One significant characteristic of P3ATs is that they change from insulator to semiconductor by a process of oxidation or reduction of the conjugated π system [911]. This process induces a transition from aromatic to quinone form, allowing the formation of radical cation and dication segments in the polymer chain [12]. Redox reactions in the polymer semiconductors are responsible for the electrical conductivity, and also for the electrochemical and electrochromic properties of these materials.

Understanding the conductive process in organic polymer materials is extremely important, both for understanding the factors that influence their electronic properties and in terms of possible applications [13]. For characterizing semiconductor polymer materials electrochemical impedance spectroscopy (EIS) has been used in order to determine and understand the electrical properties over a broad band of frequencies [14].

EIS is one of the most widely used electrochemical analysis techniques.
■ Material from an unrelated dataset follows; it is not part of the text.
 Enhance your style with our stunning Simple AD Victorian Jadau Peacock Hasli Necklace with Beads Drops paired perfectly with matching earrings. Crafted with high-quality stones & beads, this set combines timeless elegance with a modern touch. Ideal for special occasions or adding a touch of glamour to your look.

Various systems can be analyzed, including electrodes coated with electroactive polymer films, solutions containing immiscible liquids, ion-selective electrodes, electrodes coated with fine inorganic oxide films, etc. EIS provides information on the various time constants associated with the electrochemical processes that occur at the interfaces of an electrode. One of its main applications is in the study of electrodes coated with high-resistance films, characterized in terms of their electrical properties, such as film resistance and capacitance [15, 16].
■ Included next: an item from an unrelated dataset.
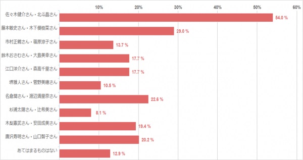 【質問】 結婚報道を知って驚いたカップルは、どのご夫婦でしたか?

This study presents an electrochemical synthesis of homopolymers poly(3-methylthiophene) (P3MT) and poly(3-octylthiophene) (P3OT) and their copolymers with Polydiphenylamine (PDPA). Chronoamperometry was used to synthesize the blended copolymers: P3MT and PDPA (CP3MT) and P3OT and PDPA (CP3OT) on platinum wire in LiClO4 at 18 °C. The data obtained by cyclic voltammetry were used in conjunction with EIS. EIS was used to evaluate and compare the resistive and capacitive properties of homo- and copolymers by open-circuit potential (OCP) and overvoltage potential. The results obtained from the Bode plots were confirmed by Raman spectroscopy, and scanning electron microscopy (SEM) was used to verify changes in the morphologies of the homo- and copolymers; the morphology responsible for increasing the active area of the film surface.

2 Experimental section

2.1 Chemicals

The 3-methylthiophene (C5H7S) and 3-octylthiophene (C12H2S) monomers were used as received. The supporting electrolyte was 99 % pure lithium perchlorate (LiClO4) supplied by Acros Organics. Acetonitrile (CH3CN) was obtained from JT Baker, purity 99.5 %, HPLC grade. The diphenylamine ((C6H5)2NH) supplied by Allkimia Ltda was recrystalized three times in petroleum ether supplied by Labsynth Ltda, 99.8 %.

2.2 Synthesis by chronoamperometry (CA) and investigation by cyclic voltammetry (CV)

A platinum wire electrode with a surface area of 0.19 cm2 was used to synthesize the homo- and copolymers. All potentials were determined by reference to Ag/AgCl in a Luggin capillary and a 0.100 mol L−1 solution of LiClO4 in acetonitrile (LiClO4/ACN).

Table 1 gives the conditions at 18 °C under which the P3MT and P3OT copolymer films were synthesized. The copolymers were obtained by blending a 5:1 solution of monomers 3MT and DPA, denoted copolymer CP3MT, and of 3OCT and DPA, denoted copolymer CP3OT. After producing the films, they were immersed in acetonitrile to remove excess species of low molecular weight and excess electrolyte [4].

Table 1 Chronoamperometry (CA) experimental conditions for synthesizing homo- and copolymers

CA and CV curves were obtained using an Autolab PGSTAT 302 N potentiostat/galvanostat coupled to a microcomputer running NOVA 1.8.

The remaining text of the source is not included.